===== Source material =====

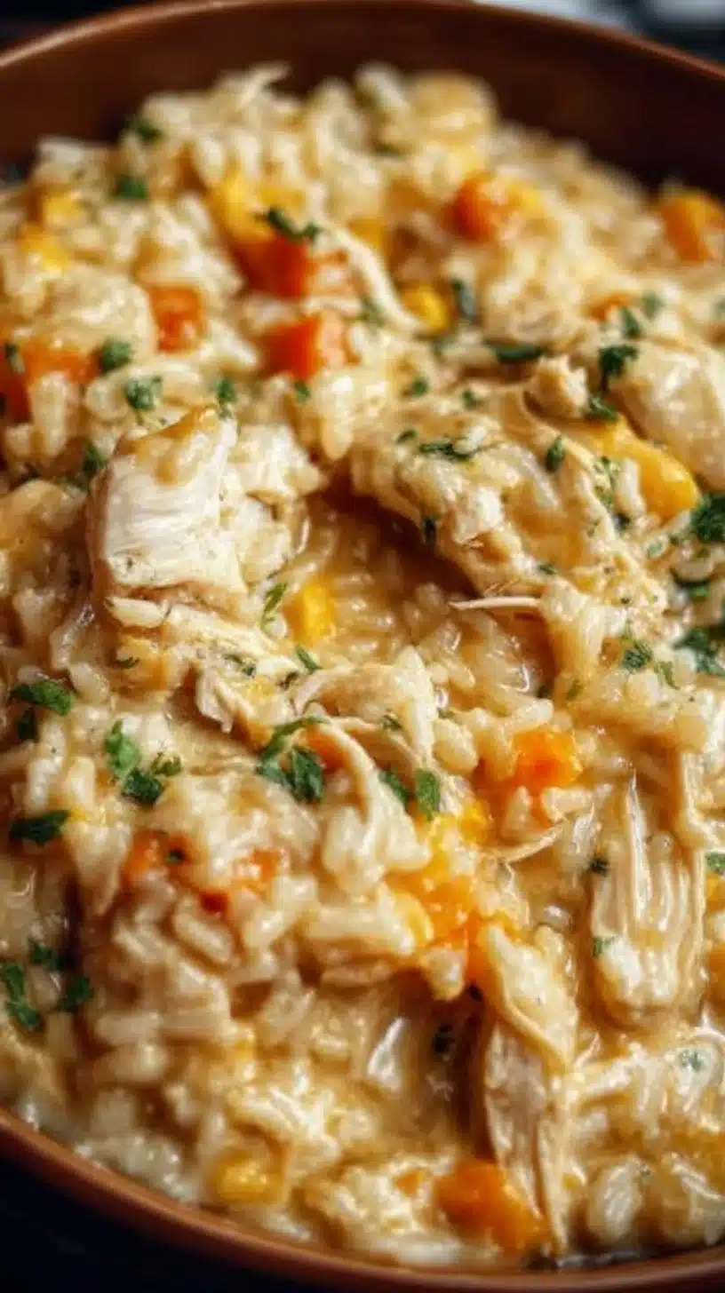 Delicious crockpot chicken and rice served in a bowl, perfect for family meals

=====
===== Source material =====

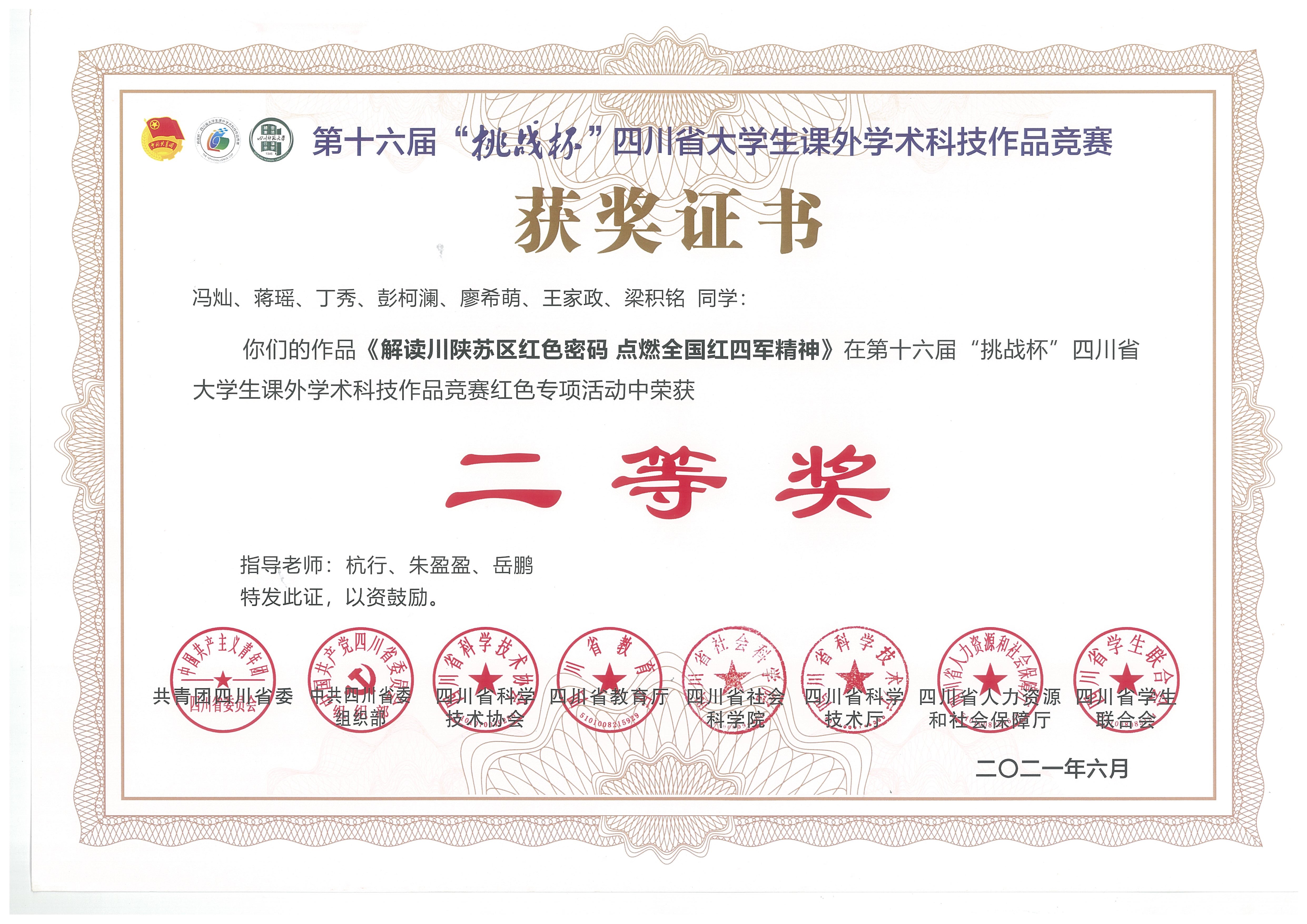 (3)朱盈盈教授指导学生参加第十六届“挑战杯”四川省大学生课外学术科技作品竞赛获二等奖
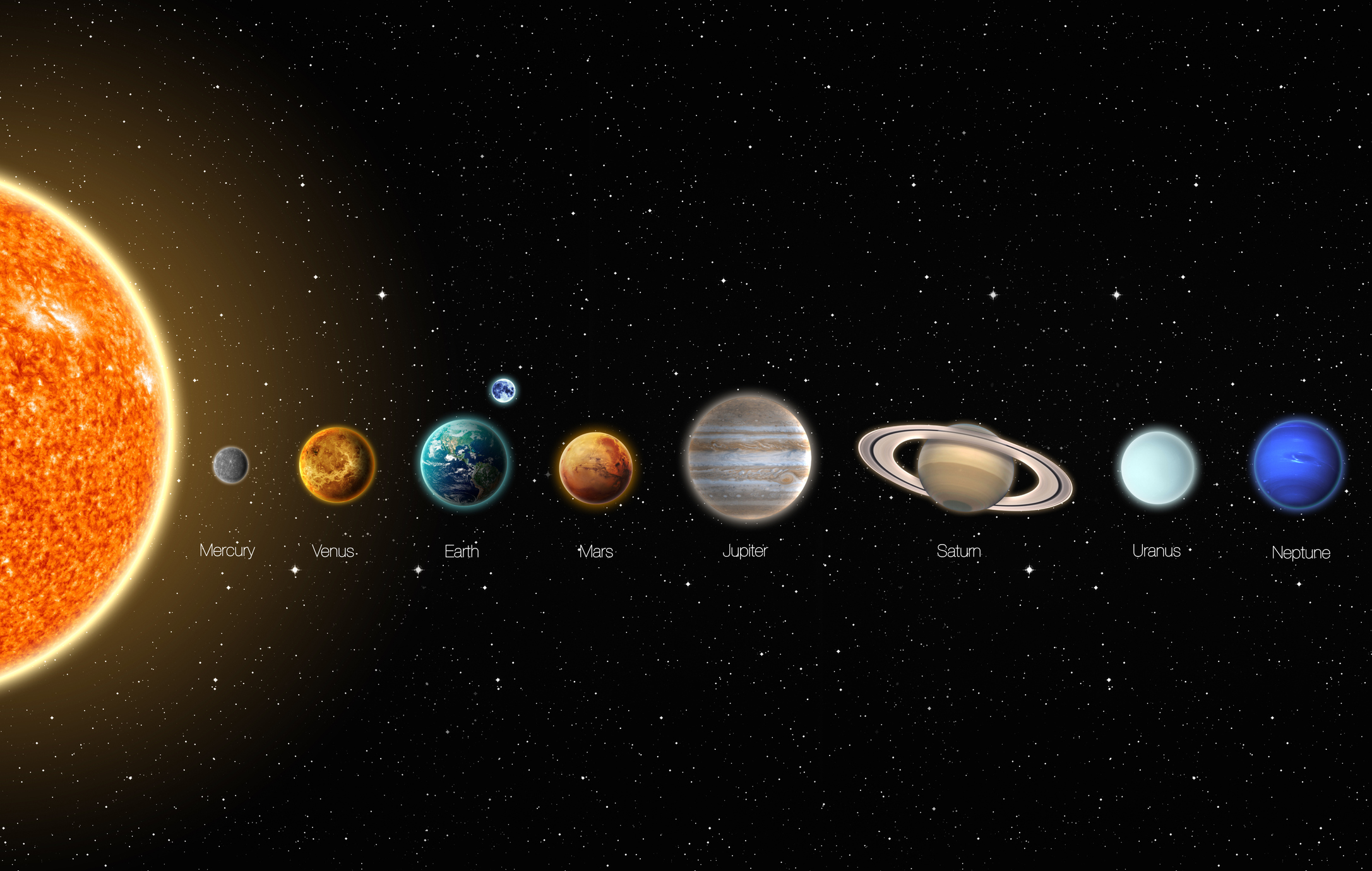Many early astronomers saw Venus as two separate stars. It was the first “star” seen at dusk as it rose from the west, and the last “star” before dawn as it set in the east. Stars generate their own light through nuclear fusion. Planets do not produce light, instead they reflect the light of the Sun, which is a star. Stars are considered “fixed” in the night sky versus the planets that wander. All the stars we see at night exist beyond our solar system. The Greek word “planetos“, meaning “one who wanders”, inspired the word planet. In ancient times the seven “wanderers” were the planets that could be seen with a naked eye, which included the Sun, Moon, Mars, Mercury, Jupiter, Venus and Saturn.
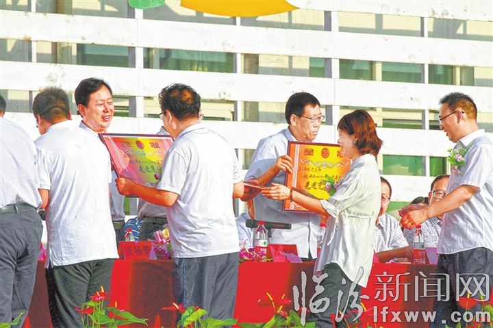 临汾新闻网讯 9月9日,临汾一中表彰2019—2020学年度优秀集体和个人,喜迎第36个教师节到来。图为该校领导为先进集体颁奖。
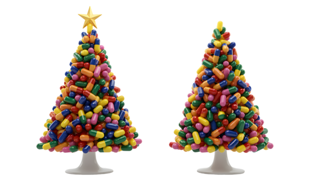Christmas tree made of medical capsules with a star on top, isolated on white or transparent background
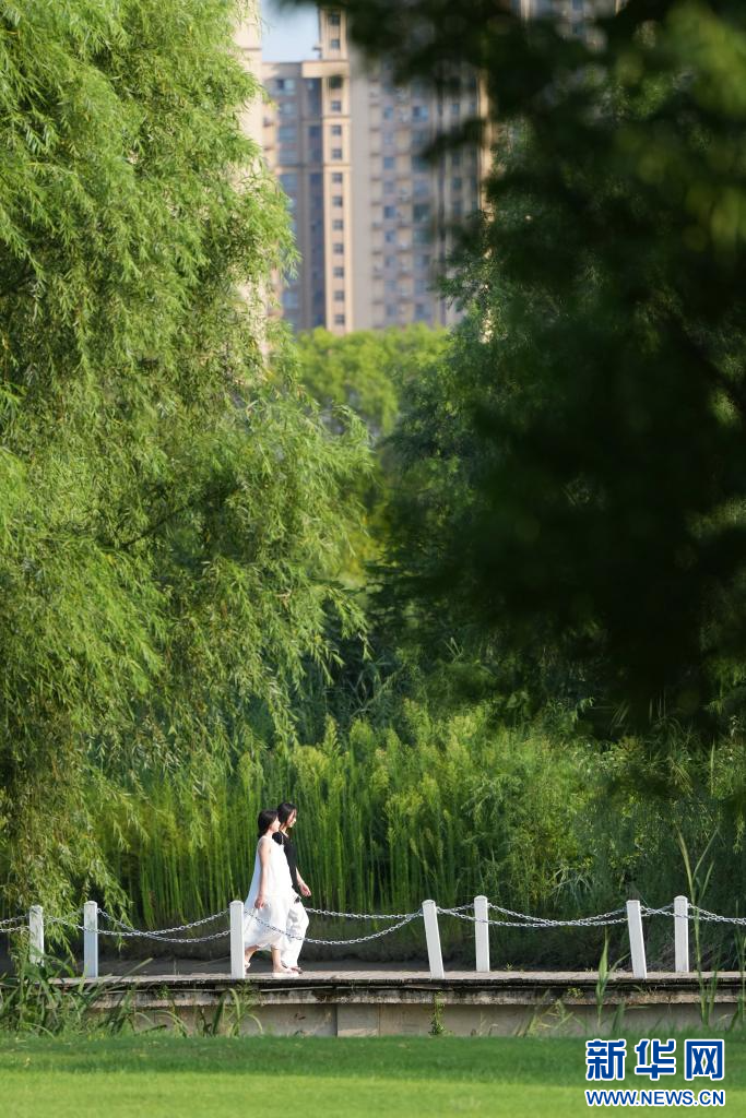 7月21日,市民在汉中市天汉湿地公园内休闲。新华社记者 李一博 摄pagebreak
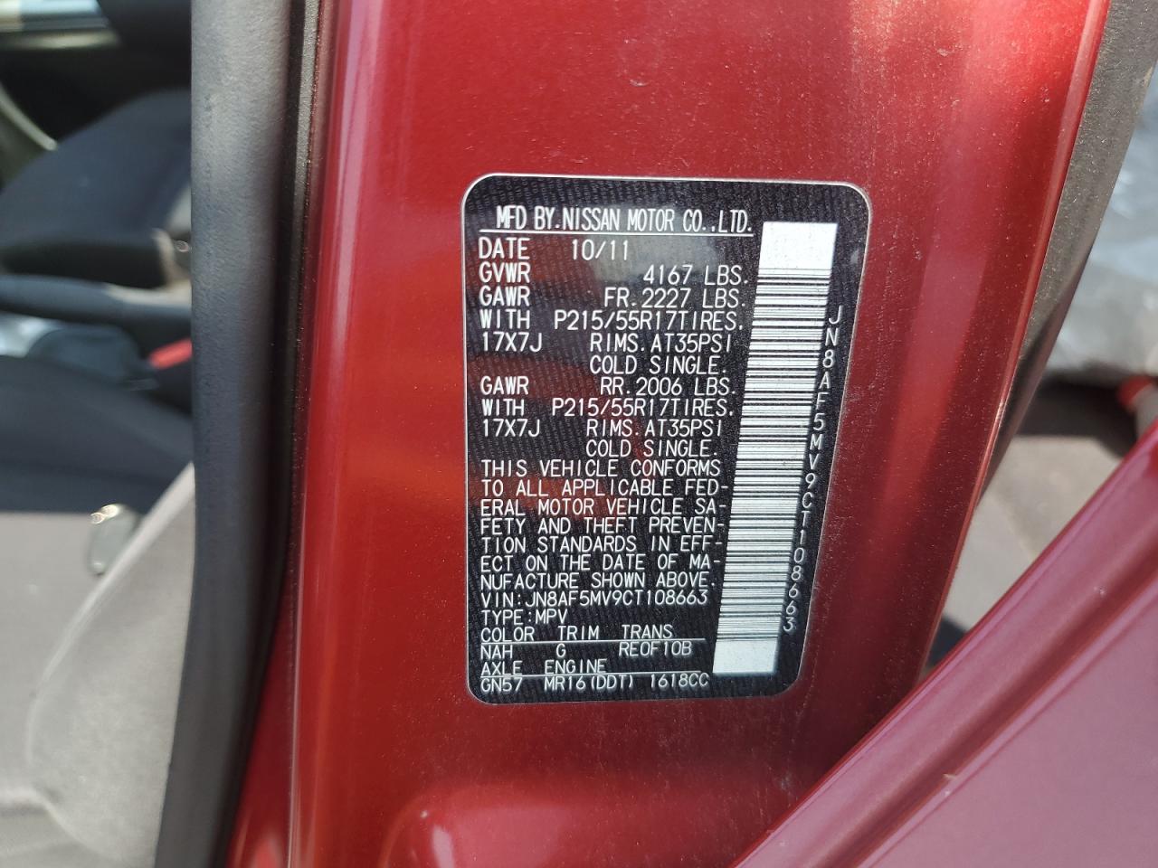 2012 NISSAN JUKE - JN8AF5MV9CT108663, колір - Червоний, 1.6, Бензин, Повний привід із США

=====

> _Problem statement_
Return, exactly as they stand, the lines above from the one with "临汾新闻网讯 9月9日,临汾" to the one with "2012 NISSAN JUKE", omitting any pictures among them.

> _Written response_
 临汾新闻网讯 9月9日,临汾一中表彰2019—2020学年度优秀集体和个人,喜迎第36个教师节到来。图为该校领导为先进集体颁奖。
Christmas tree made of medical capsules with a star on top, isolated on white or transparent background
 7月21日,市民在汉中市天汉湿地公园内休闲。新华社记者 李一博 摄pagebreak
 2012 NISSAN JUKE - JN8AF5MV9CT108663, колір - Червоний, 1.6, Бензин, Повний привід із США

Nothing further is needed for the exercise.